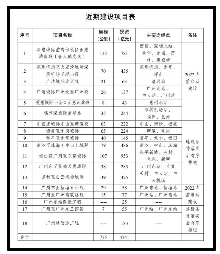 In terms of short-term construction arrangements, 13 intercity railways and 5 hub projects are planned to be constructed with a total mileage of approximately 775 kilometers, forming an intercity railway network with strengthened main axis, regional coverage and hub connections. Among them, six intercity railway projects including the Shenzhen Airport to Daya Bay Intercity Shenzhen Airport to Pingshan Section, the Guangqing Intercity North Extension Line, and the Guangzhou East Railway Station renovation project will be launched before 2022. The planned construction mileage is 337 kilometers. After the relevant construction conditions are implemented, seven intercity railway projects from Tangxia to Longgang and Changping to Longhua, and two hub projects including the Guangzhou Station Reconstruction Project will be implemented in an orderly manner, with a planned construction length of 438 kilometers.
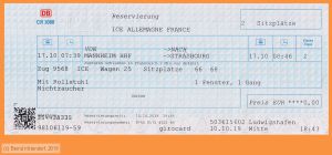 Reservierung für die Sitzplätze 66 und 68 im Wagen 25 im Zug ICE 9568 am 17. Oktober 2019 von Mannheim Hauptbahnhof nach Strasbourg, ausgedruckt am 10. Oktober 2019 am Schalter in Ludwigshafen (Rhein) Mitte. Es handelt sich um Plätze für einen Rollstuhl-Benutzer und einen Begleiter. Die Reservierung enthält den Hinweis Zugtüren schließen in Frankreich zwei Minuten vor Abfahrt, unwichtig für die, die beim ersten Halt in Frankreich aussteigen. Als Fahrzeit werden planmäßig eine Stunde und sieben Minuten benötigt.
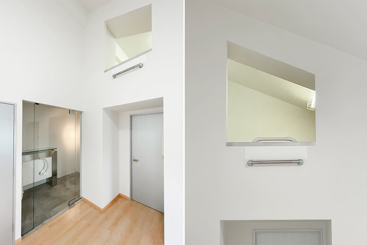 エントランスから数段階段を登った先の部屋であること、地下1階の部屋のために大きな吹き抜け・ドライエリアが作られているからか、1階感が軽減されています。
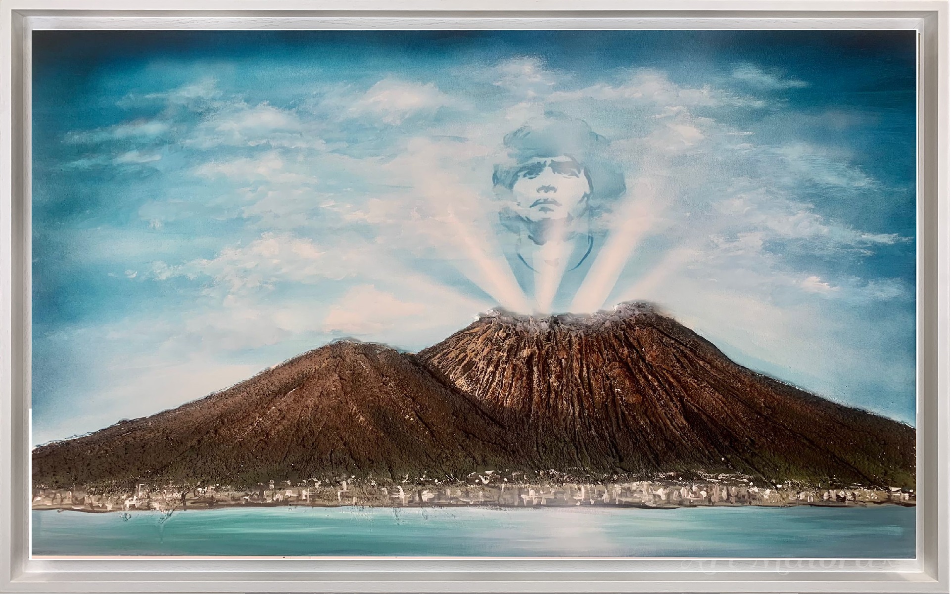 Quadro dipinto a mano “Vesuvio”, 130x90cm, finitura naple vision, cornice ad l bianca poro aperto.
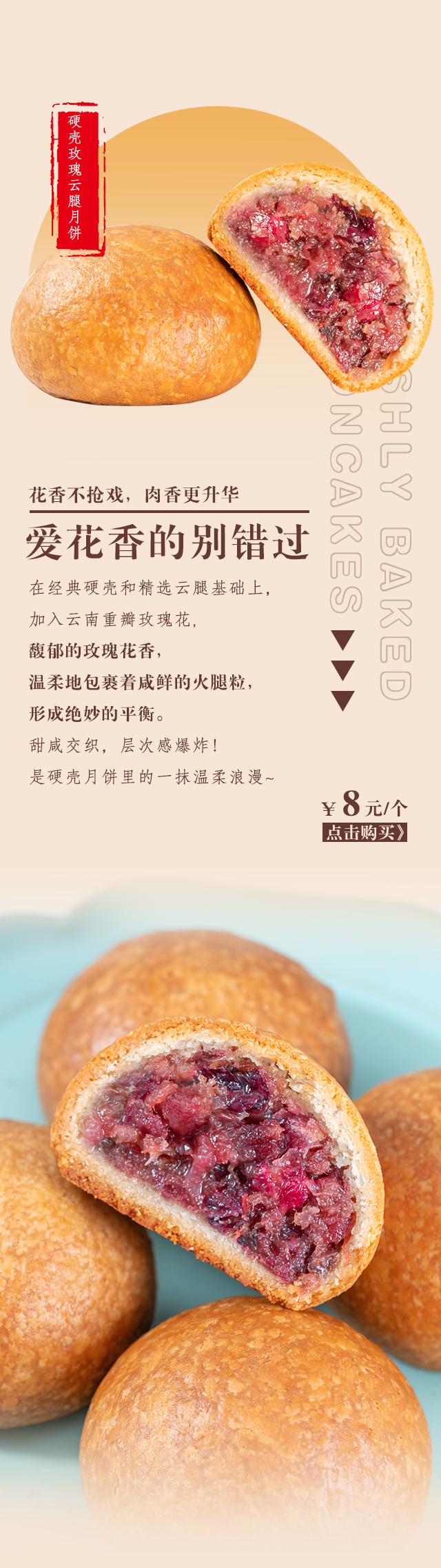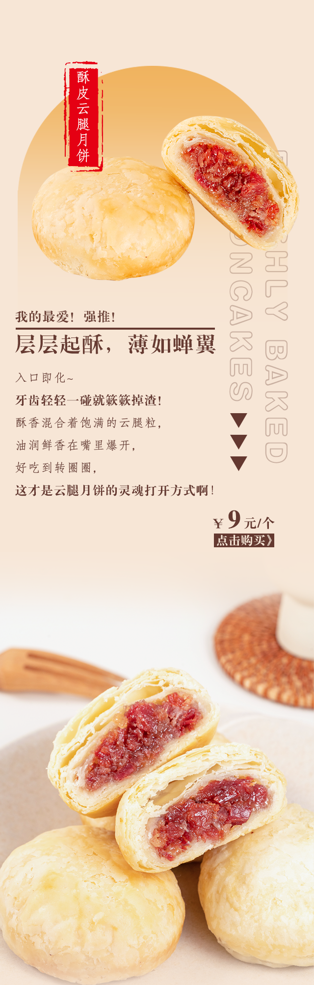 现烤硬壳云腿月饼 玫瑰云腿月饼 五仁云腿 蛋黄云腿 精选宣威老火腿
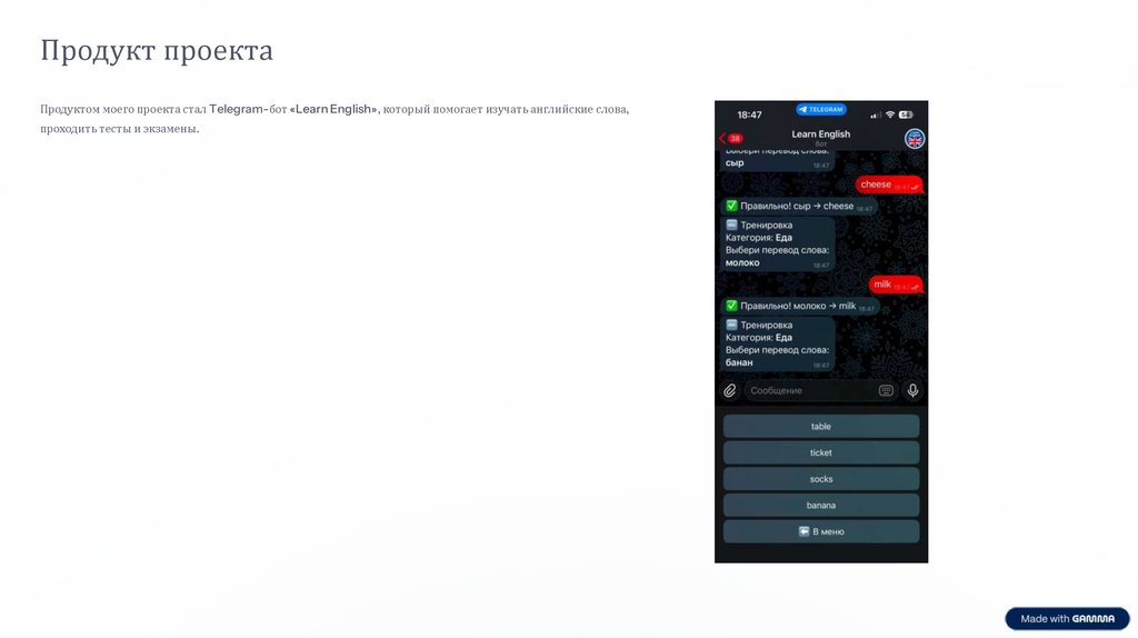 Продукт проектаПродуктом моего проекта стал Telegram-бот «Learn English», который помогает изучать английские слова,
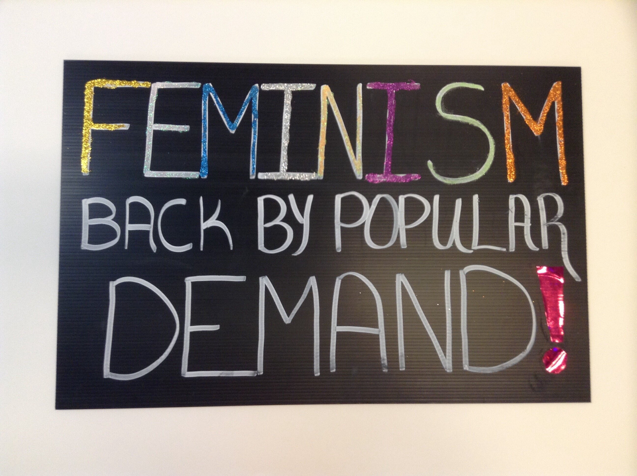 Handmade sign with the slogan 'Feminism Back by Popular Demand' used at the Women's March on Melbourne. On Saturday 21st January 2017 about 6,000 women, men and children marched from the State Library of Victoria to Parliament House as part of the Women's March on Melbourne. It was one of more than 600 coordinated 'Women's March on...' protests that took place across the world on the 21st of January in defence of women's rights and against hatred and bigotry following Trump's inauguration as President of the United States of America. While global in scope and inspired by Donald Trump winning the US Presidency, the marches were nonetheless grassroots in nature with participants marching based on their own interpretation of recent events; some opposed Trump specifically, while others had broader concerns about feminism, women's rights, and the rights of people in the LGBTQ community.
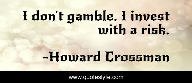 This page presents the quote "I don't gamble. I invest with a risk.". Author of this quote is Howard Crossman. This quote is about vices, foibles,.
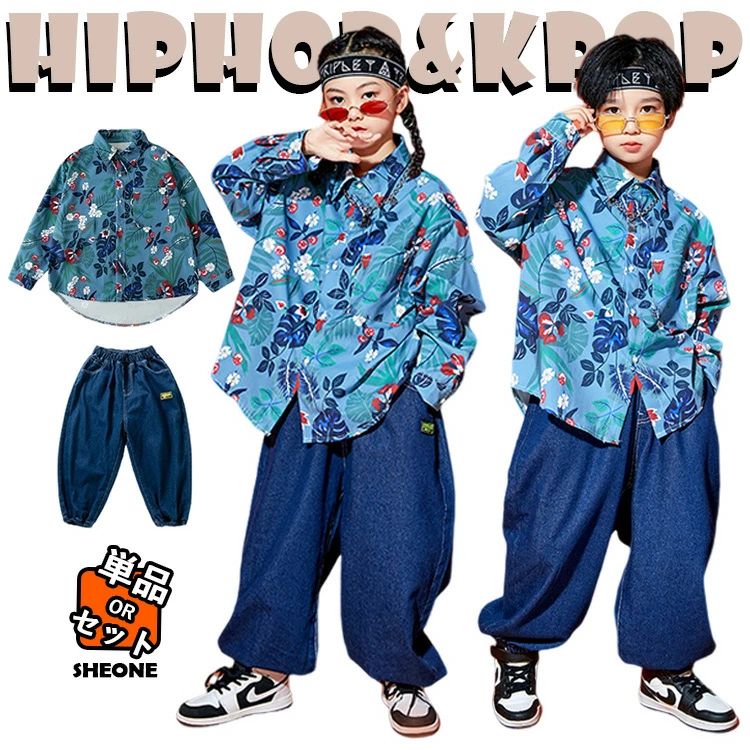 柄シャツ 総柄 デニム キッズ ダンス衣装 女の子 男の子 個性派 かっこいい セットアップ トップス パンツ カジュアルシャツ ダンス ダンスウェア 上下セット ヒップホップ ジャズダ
== == ==
Begin with the line that contains "现烤硬壳云腿月饼 玫瑰云腿月饼 五仁云腿 蛋黄云腿 精选宣威老火腿" and copy every line through the end of the listing, exactly as written, both ends included. Pictures are not part of the copy.

» Response area:
 现烤硬壳云腿月饼 玫瑰云腿月饼 五仁云腿 蛋黄云腿 精选宣威老火腿
 Продукт проектаПродуктом моего проекта стал Telegram-бот «Learn English», который помогает изучать английские слова,
 Handmade sign with the slogan 'Feminism Back by Popular Demand' used at the Women's March on Melbourne. On Saturday 21st January 2017 about 6,000 women, men and children marched from the State Library of Victoria to Parliament House as part of the Women's March on Melbourne. It was one of more than 600 coordinated 'Women's March on...' protests that took place across the world on the 21st of January in defence of women's rights and against hatred and bigotry following Trump's inauguration as President of the United States of America. While global in scope and inspired by Donald Trump winning the US Presidency, the marches were nonetheless grassroots in nature with participants marching based on their own interpretation of recent events; some opposed Trump specifically, while others had broader concerns about feminism, women's rights, and the rights of people in the LGBTQ community.
 This page presents the quote "I don't gamble. I invest with a risk.". Author of this quote is Howard Crossman. This quote is about vices, foibles,.
 柄シャツ 総柄 デニム キッズ ダンス衣装 女の子 男の子 個性派 かっこいい セットアップ トップス パンツ カジュアルシャツ ダンス ダンスウェア 上下セット ヒップホップ ジャズダ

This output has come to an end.